April 2016: The NZ tax haven features in this story:
The Panama papers: NZ – the quiet tax haven achiever
Both countries [Malta and NZ] are quiet achievers in the ranks of global tax havens, and both are determined to keep it that way.
While Malta has been fiercely resisting pressure to close tax avoidance loopholes used by foreign companies, including Australian firms, to move profits out of the European Union, New Zealand has fought just as hard to protect its laws that make foreign profits tax-free and invisible for beneficiaries of its offshore trusts. But what Key didn’t know, as he and Australia’s Prime Minister Malcolm Turnbull mingled with Muscat at CHOGM, was how deep those links really ran. [My emphasis] …
Today: In news this morning:
NZ urged to act on Panama Papers
New Zealand is being accused of dragging its heels in response to the Panama Papers as the rest of the world starts to crack down on tax avoiders and money launderers.
Britain’s banks have until the end of the week to say whether they have ties with Mossack Fonseca, the United States will force banks to identify who is behind shell companies and more than 800 Australians are under investigation across the Tasman.

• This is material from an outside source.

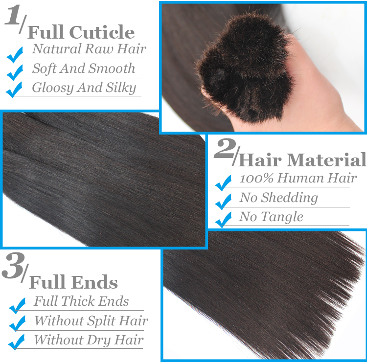 Hair Features | 1. 100% Real Natural Human Hair Used, No Synthetic, No Animal Hair ! 2. Original Human Hair, Soft, Smooth, Glossy, Silky Straight ! |

European Union tax commissioner Pierre Muscovici has vowed to close loopholes, and wants to set up a blacklist of tax havens. “We don’t have that at the moment, I want the EU to have one in six months time,” he said.
Even the country at the centre of it all, Panama, was creating an international panel to help clean up its offshore financial industry.
[However], New Zealand Prime Minister John Key has resisted calls for action, despite further evidence this country was being used as a tax shelter.
NZ as tax haven, all part of the Key legacy.